WHAT YOU HAVE TO DO: Only the lines below from the one containing "2、然后,画十字交叉线,将图" through the one containing "주택건설사업 등록 시" belong in the answer, set down exactly, with the pictures left out.

INPUT DATA:

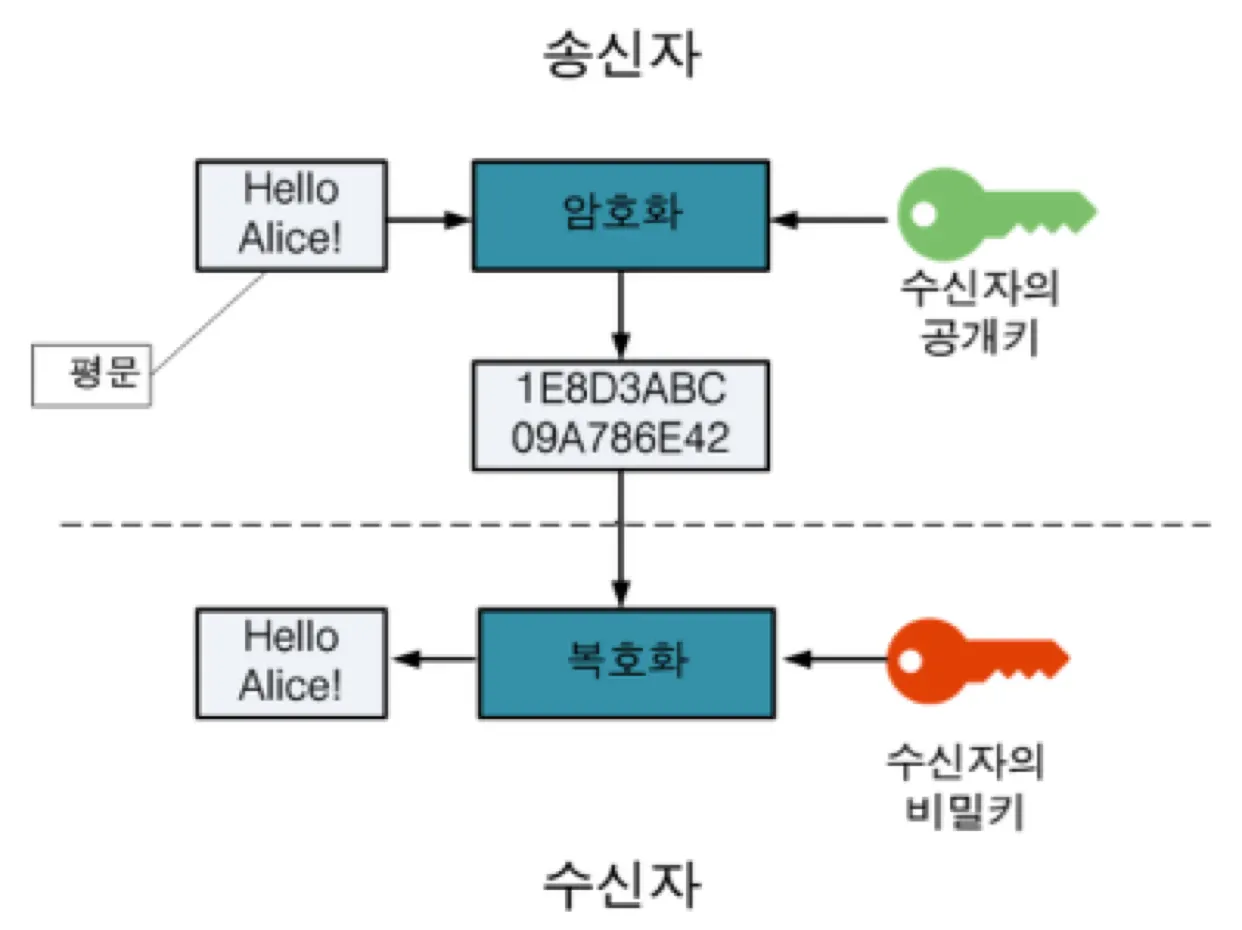 암호화할 때의 키는 공개키(public key), 복호화할 때의 키는 개인키(private key)
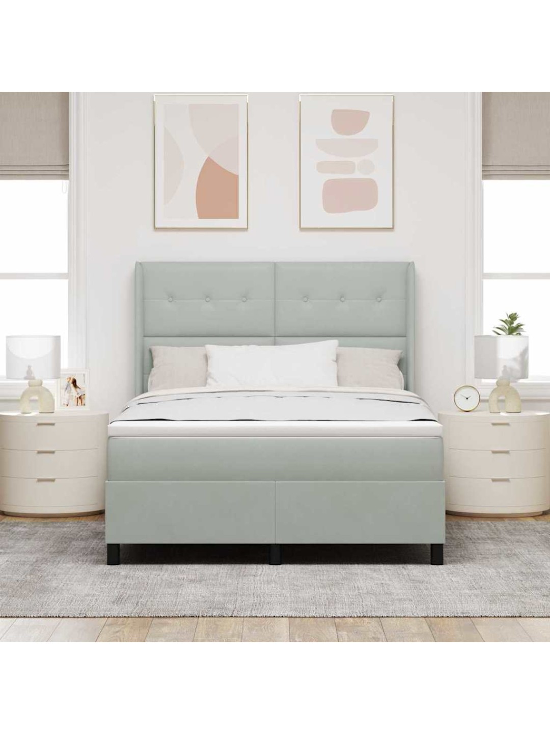 Kontinentaalvoodi peatsiga helehall 140 x 190 cm samet
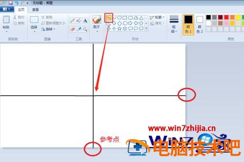 2、然后,画十字交叉线,将图纸均分为四份。调整直线位置时,利用参考点,通过键盘上的上下左右键进行微调。
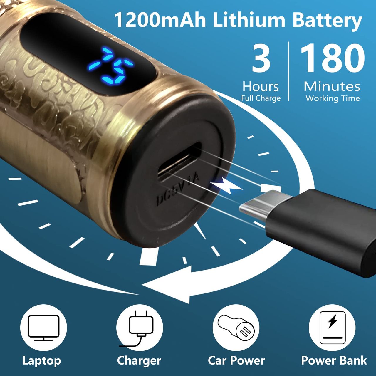 (4) Batterie au lithium rechargeable de 1200 mAh avec câble USB. Fonctionnement super silencieux avec des vibrations à basse fréquence.
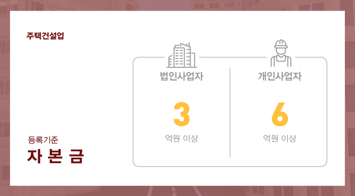 주택건설사업 등록 시 법인 3억원 이상, 개인사업자는 6억원 이상의 자본금이 준비해야 합니다.
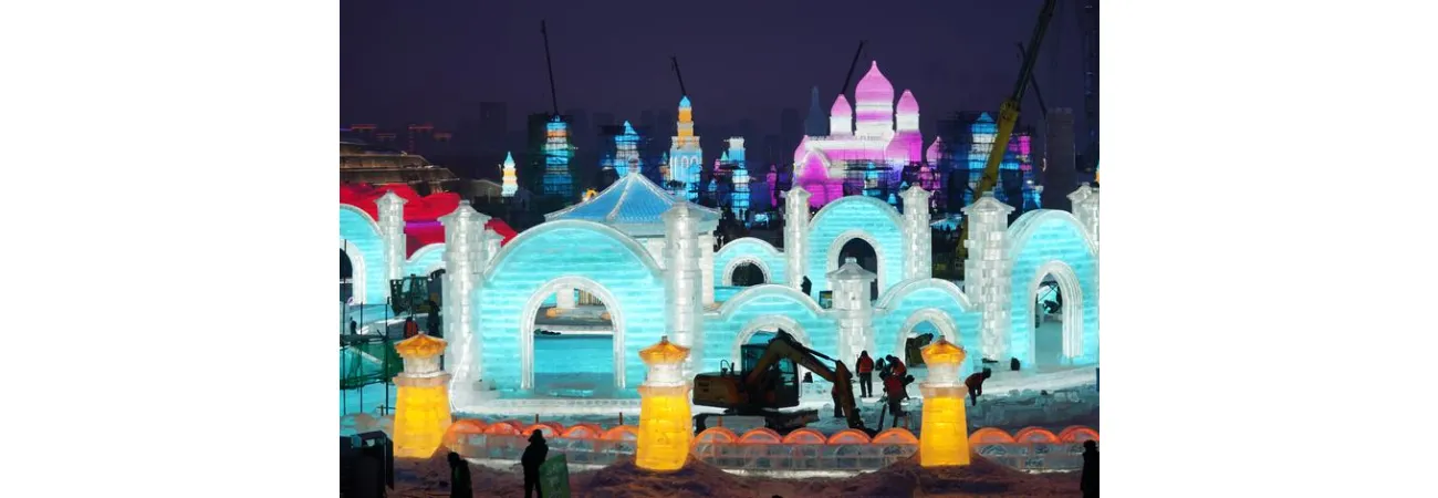 چین کے شمال مشرقی صوبے  حئی لونگ جیانگ کے شہر ہاربن میں موسم سرما میں کھلنے والے مشہور موسمی تھیم پارک میں مزدورہاربن آئس اینڈ سنو ورلڈ کے تعمیراتی مقام پر موجود ہیں۔(شِنہوا)
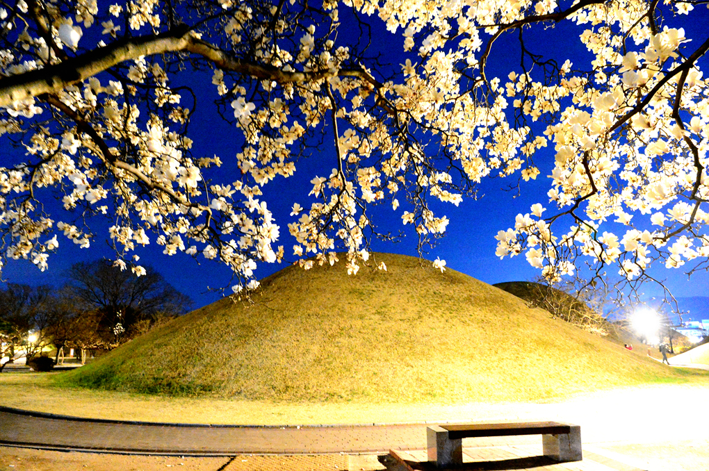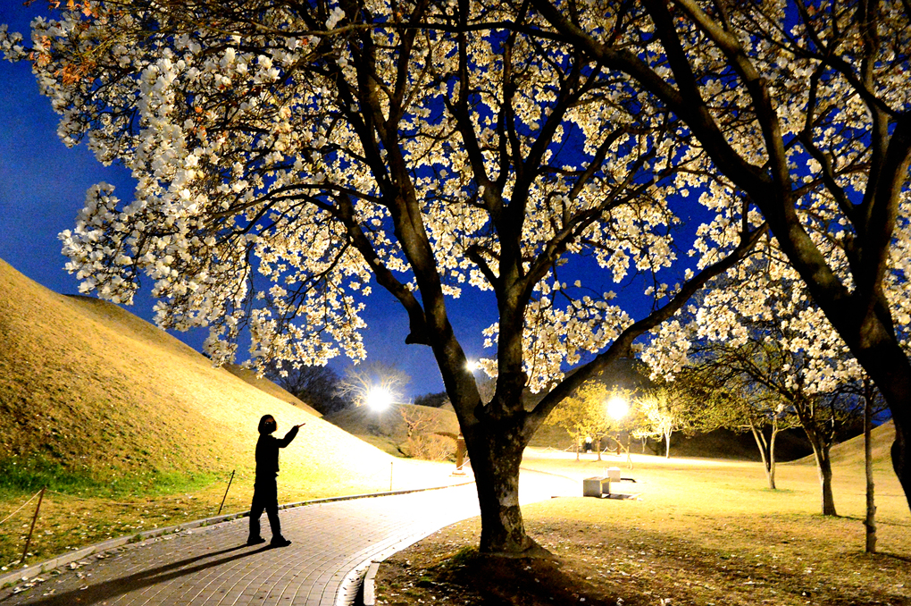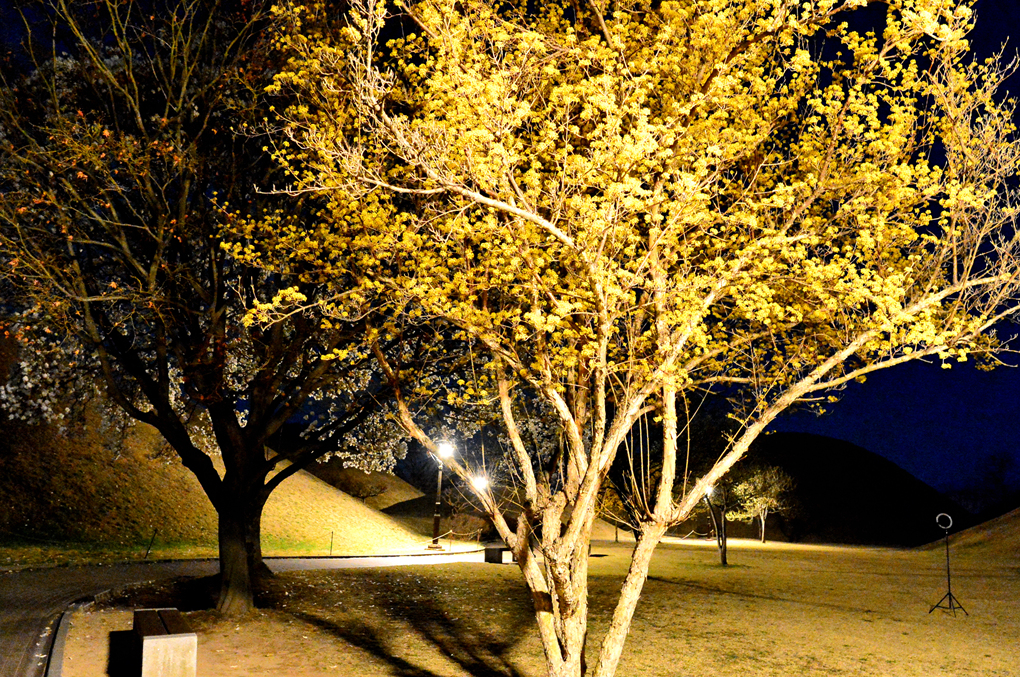 조명이 밝혀진 인왕동 고분군의 아름다운 모습들이다.
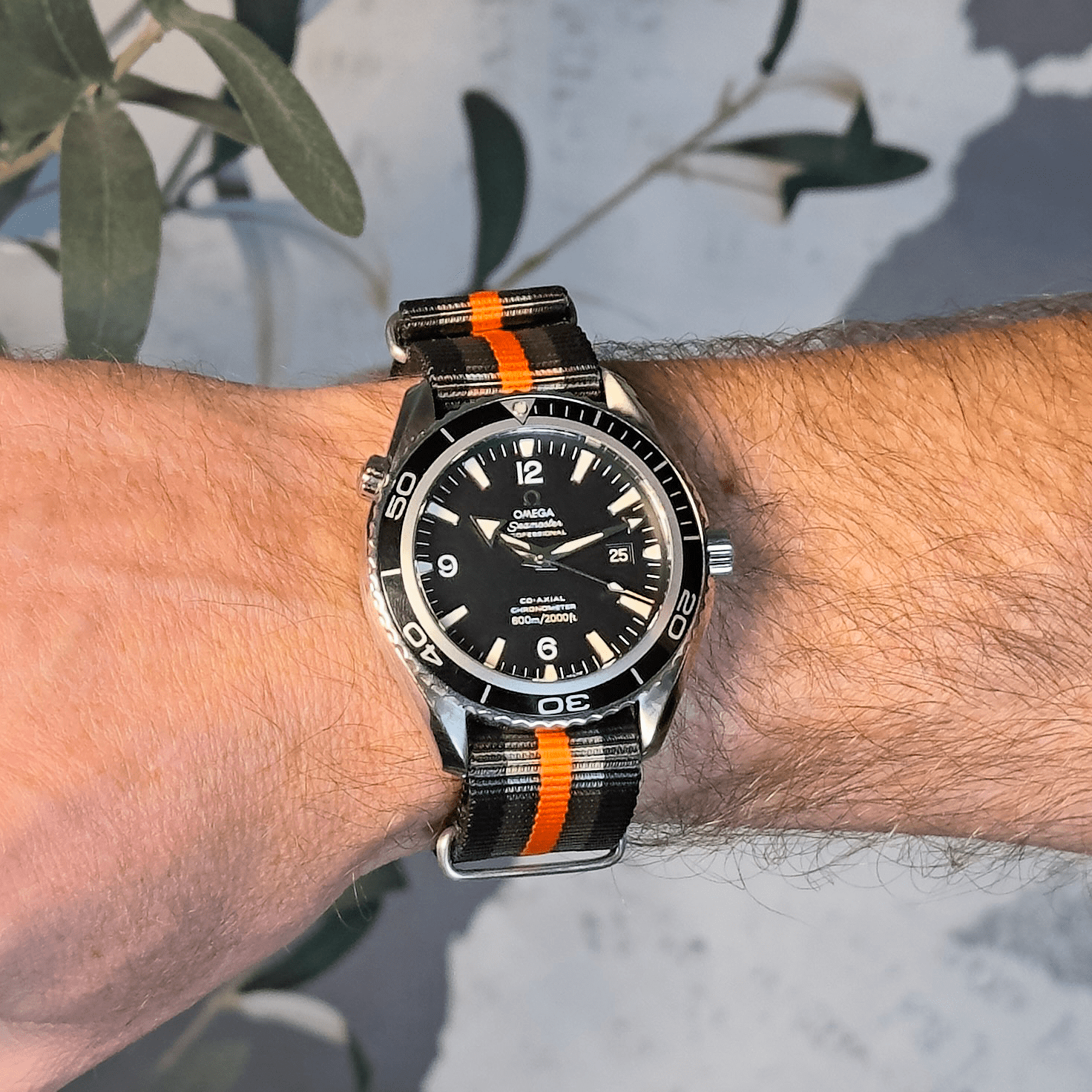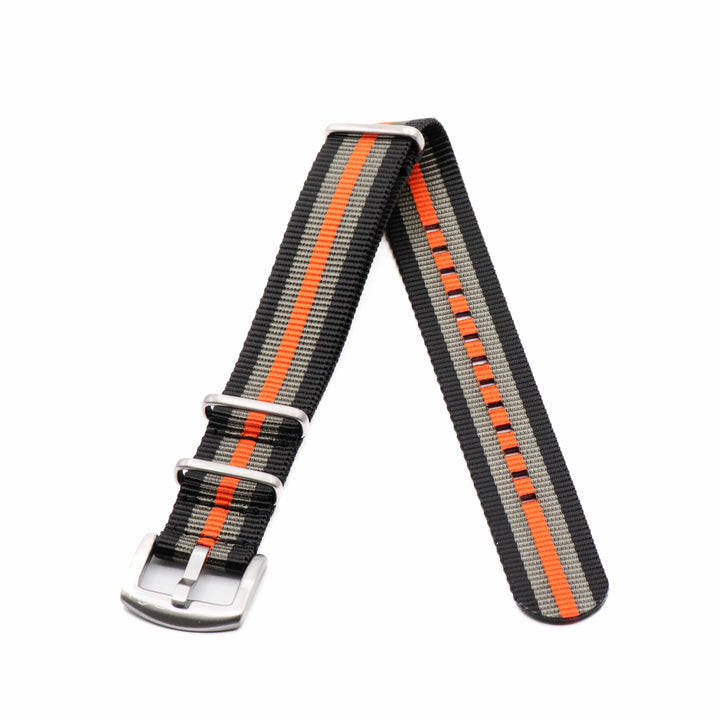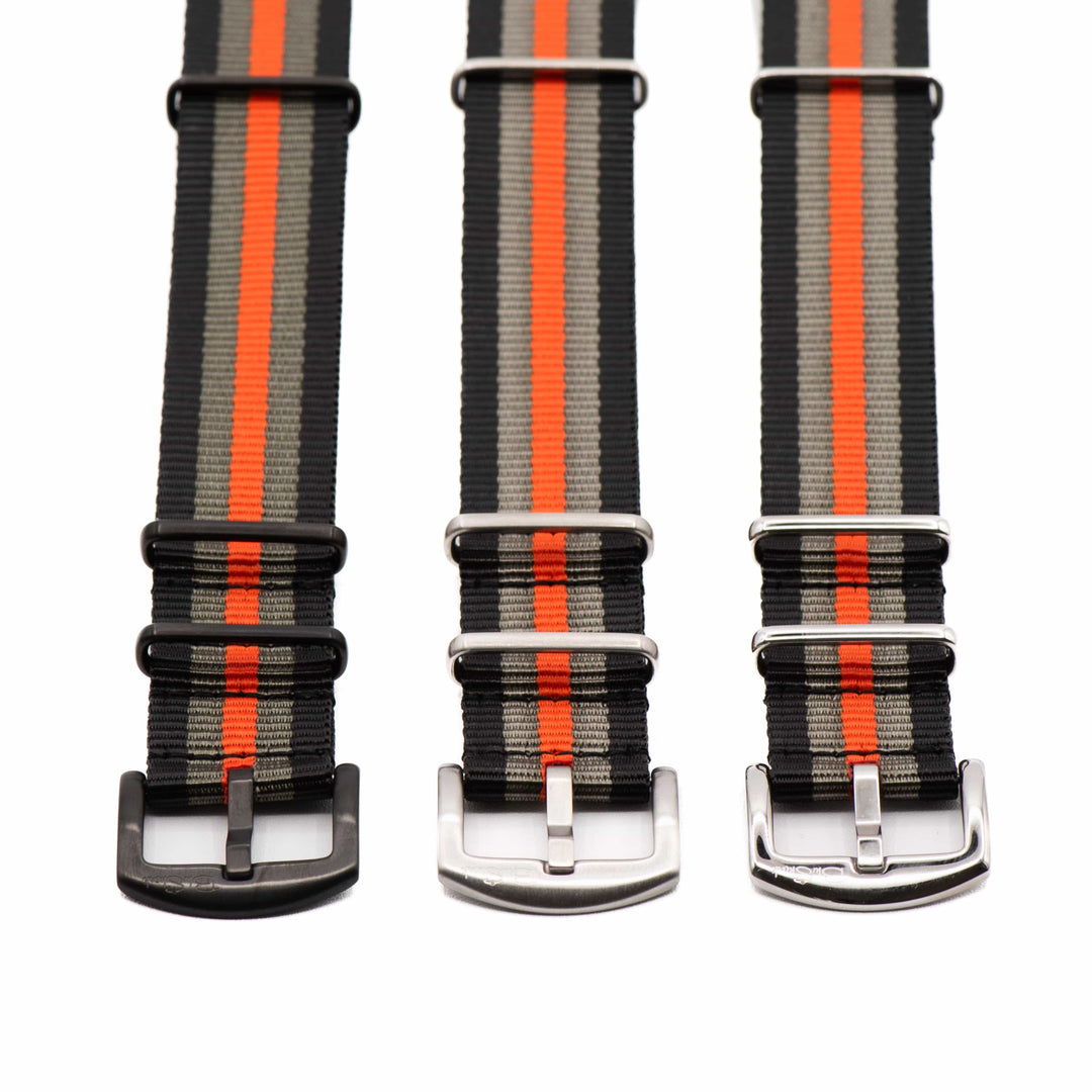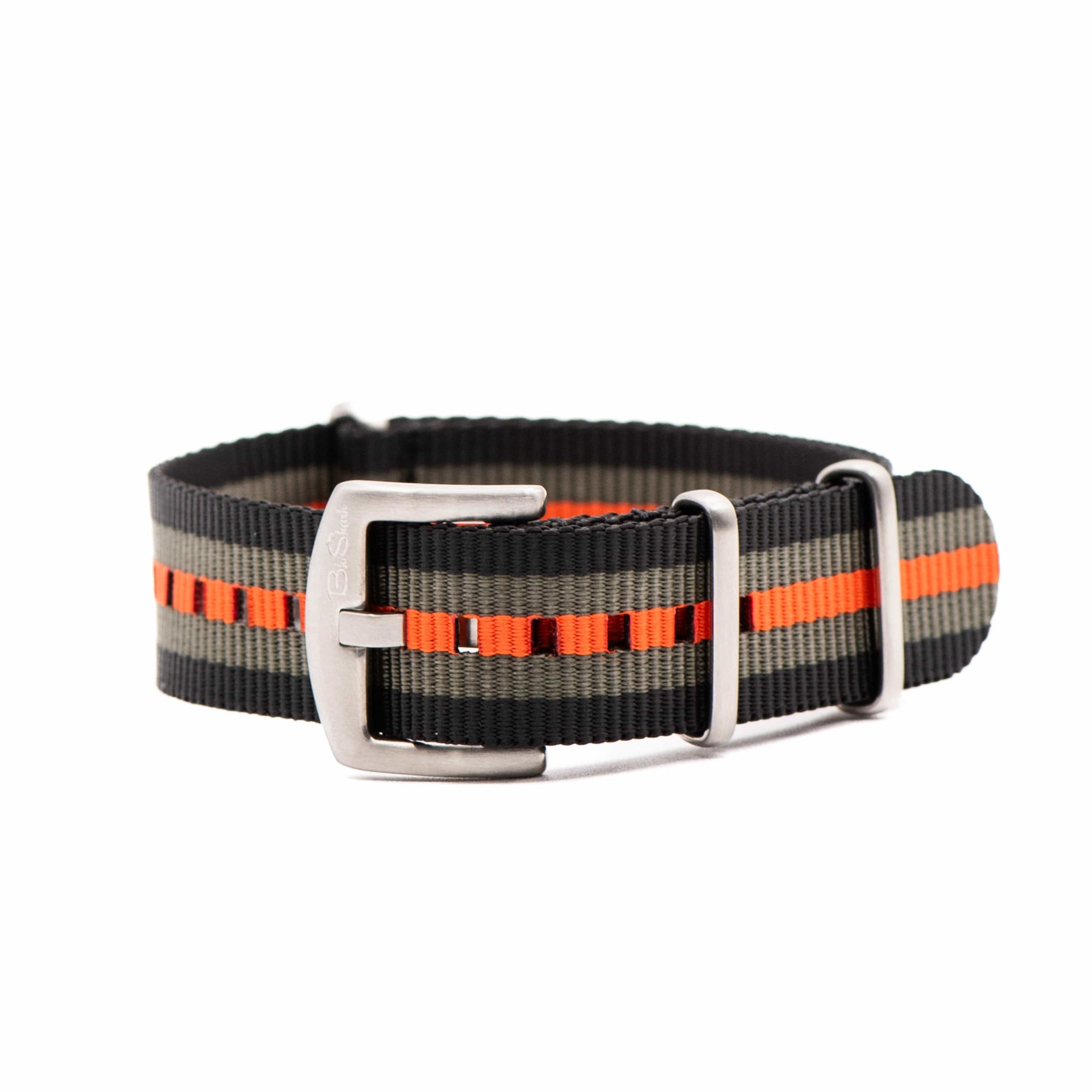 Another variation of our flagship Bond strap, Bond with Orange replaces the middle black stripe of a Bond strap with a bright orange stripe. A classic look while providing enough color, it pairs well with white, silver, and black dials, particularly those with orange accents.  All BluShark straps are cleanly stitched around stainless steel hardware.

SOLUTION TO THE EXERCISE:
 2、然后,画十字交叉线,将图纸均分为四份。调整直线位置时,利用参考点,通过键盘上的上下左右键进行微调。
 (4) Batterie au lithium rechargeable de 1200 mAh avec câble USB. Fonctionnement super silencieux avec des vibrations à basse fréquence.
 주택건설사업 등록 시 법인 3억원 이상, 개인사업자는 6억원 이상의 자본금이 준비해야 합니다.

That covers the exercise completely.